He smiled. “It’s nothing to do with porn. It’s a _Moby-Dick_ reference.”

“And you’re claiming that a book named _Moby-Dick_ has nothing to do with porn?”

“Precisely Affenlight’s point in the book. The very fact Melville, an ostensibly straight man living in a very homophobic time, wrote about men sharing a bed and engaging in the squeezing of spermaceti, which is one of the more obvious examples of a metaphor for mutual masturbation-”

Genevieve cleared her throat. “And this is an academic text?”

“Sort of. A bit popularized. Look, it got great reviews in _Time_ and _The New York Times_.”

“Uh huh.” She pushed it back. “Pass the beef. I know you’re not going to eat it.”

***

Owen waited until he’d read _The Sperm-Squeezers_ cover to cover before turning to Google. There was no point in reading reviews and critical debate – if there even were any articles online from that far back – when he hadn’t yet formed any opinions of his own. What he found was much too little to appease his newfound appetite: Guert Affenlight had published articles and book reviews, but no other works on anything like the scale of _The Sperm-Squeezers_. His Wikipedia page mentioned that he’d risen to being the head of Harvard’s English department before being appointed president of Westish College in Wisconsin. Owen had to look up the Wiki page for Westish too. And then consult a map.

The idea of a feted Harvard professor suddenly decamping to a tiny college in the middle of nowhere suggested some sort of scandal: plagiarism, affairs with students.
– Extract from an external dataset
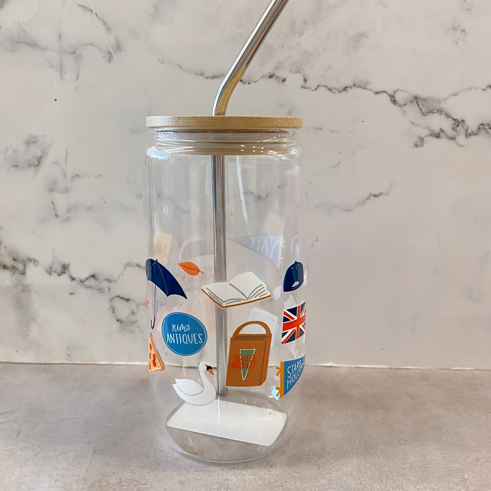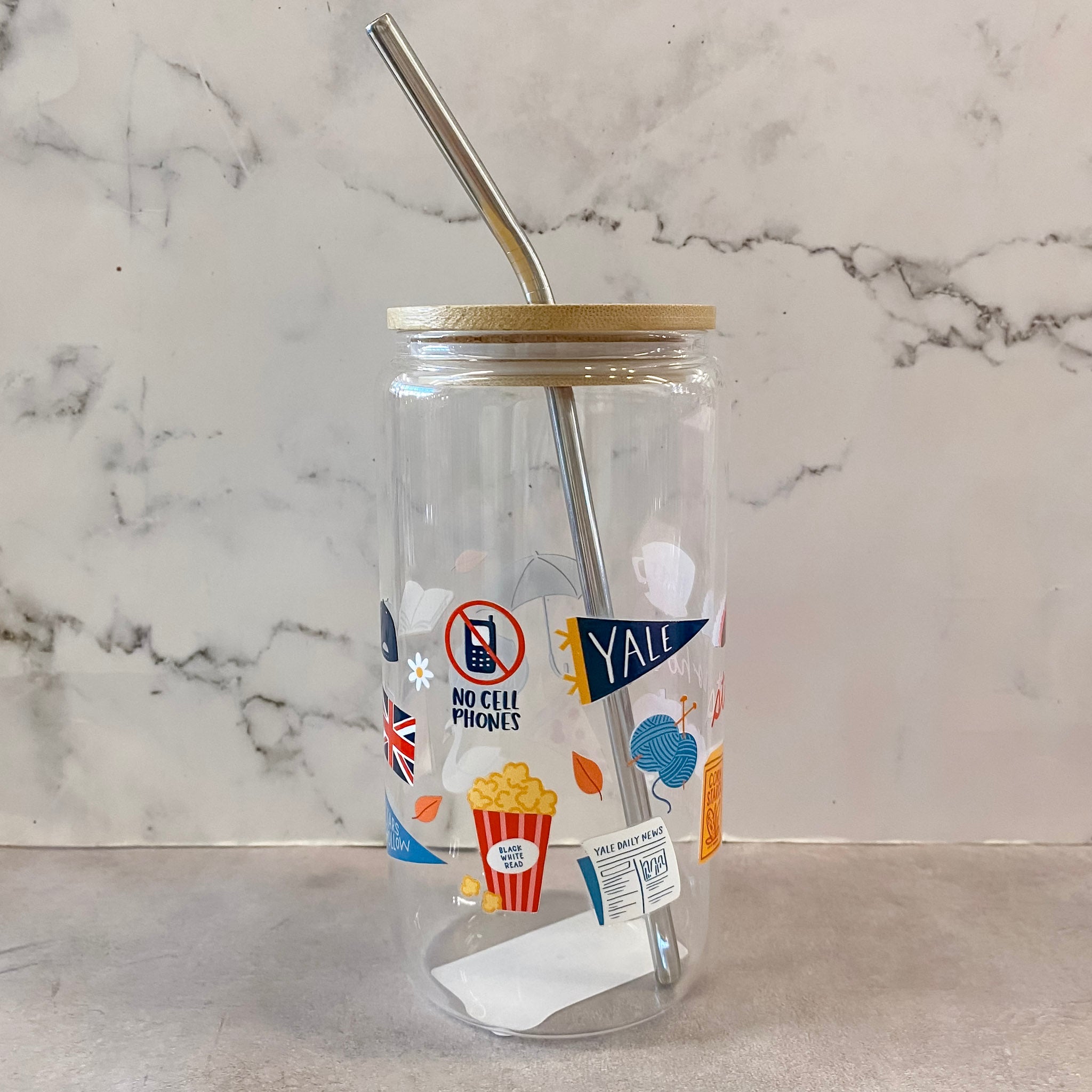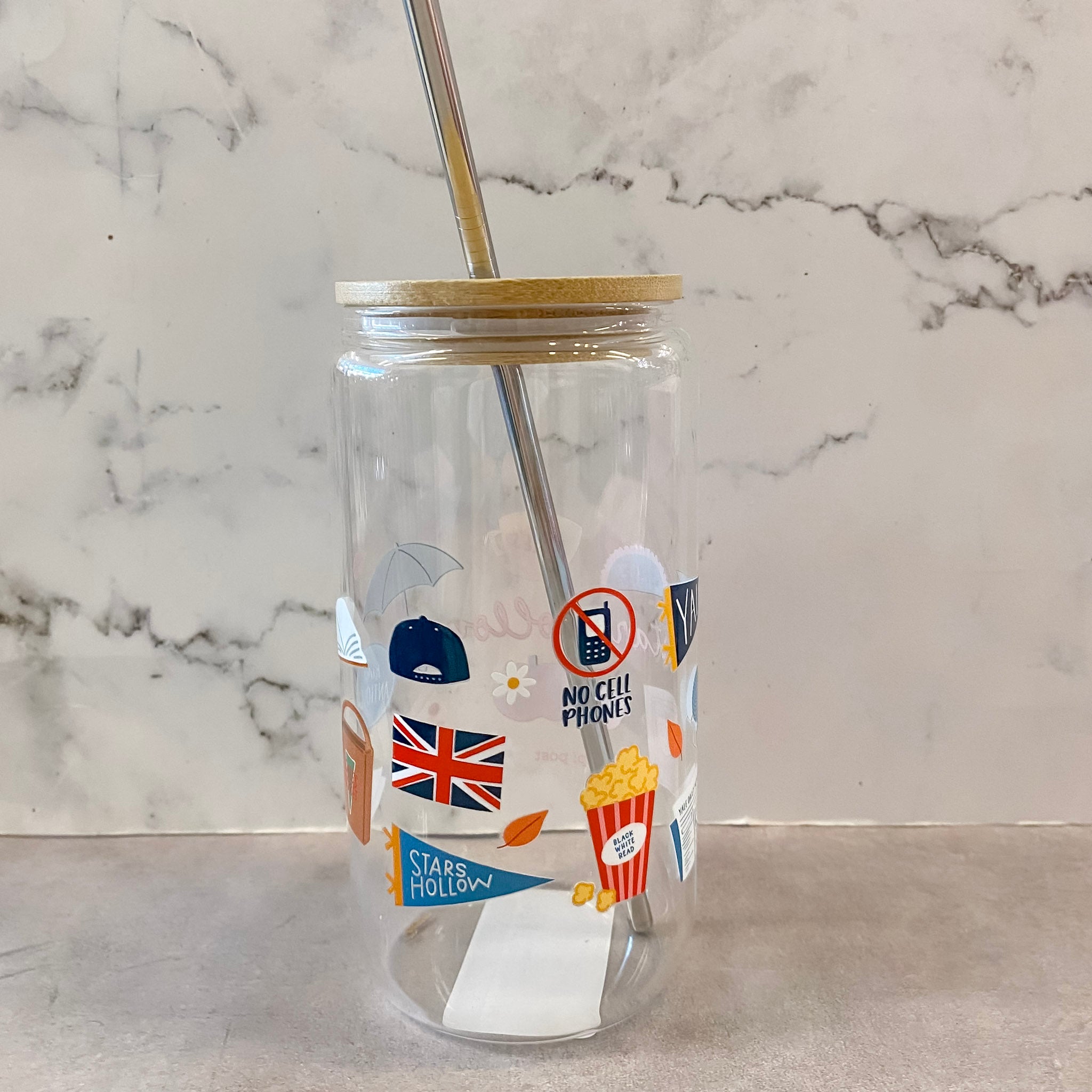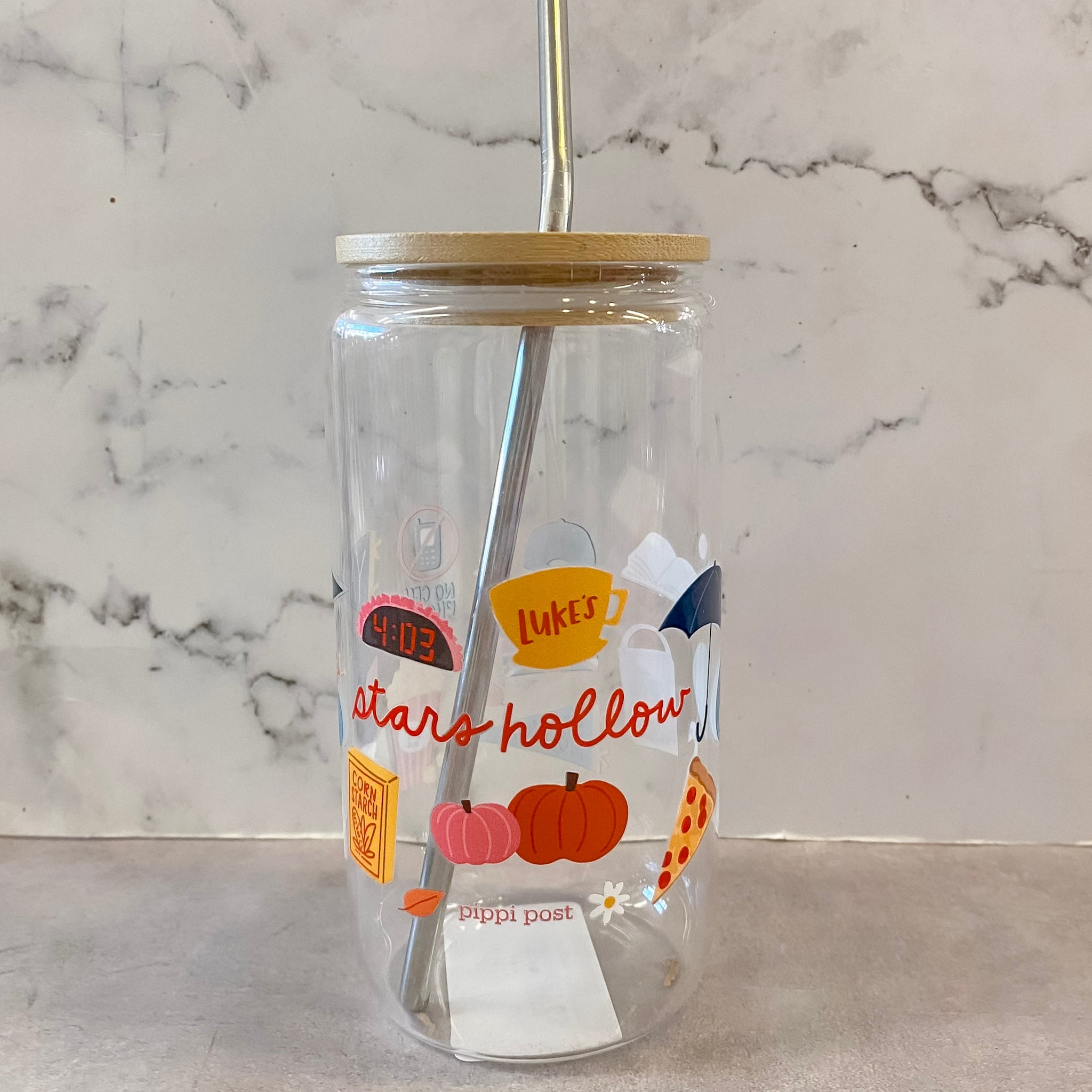 Bring a piece of Stars Hollow to your beverage with our Stars Hollow in the Fall Glass Can! Featuring charming hand-illustrated icons from Gilmore Girls, including a Yale banner, pumpkins, a book, umbrella, swan, pizza, and more, this glass can captures the cozy spirit of the beloved show. Whether you're sipping your morning coffee, afternoon tea, or a refreshing sparkling water, let the nostalgia of Stars Hollow accompany you. Ideal for Gilmore Girls fans or anyone who loves small-town charm, our Stars Hollow in the Fall Glass Can makes a great gift for birthdays, holidays, or any special occasion.

But there weren’t even any rumors. No one seemed to have a bad word to say about the man. Owen experimentally typed in “Guert Affenlight” + “gay” (he’d written a book called _The Sperm-Squeezers_ after all). It led him precisely nowhere.

YouTube yielded a couple of clips of interest – an old, grainy lecture on Melville and Nietzsche someone had videotaped at Harvard, and a more recent promotional clip from the Westish College marketing department, which Owen assumed amounted to one person. The Guert Affenlight in that clip was at least fifteen years older than the man on the book cover, but he’d lost the beard and gained a tidier head of silver-gray hair. In what could easily have been an awkward interview, Affenlight was good-humored, charismatic, and more at ease with public speaking than most actors Owen saw on TV. And at least now he knew how to say Affenlight’s first name, not that he’d ever probably need to use it.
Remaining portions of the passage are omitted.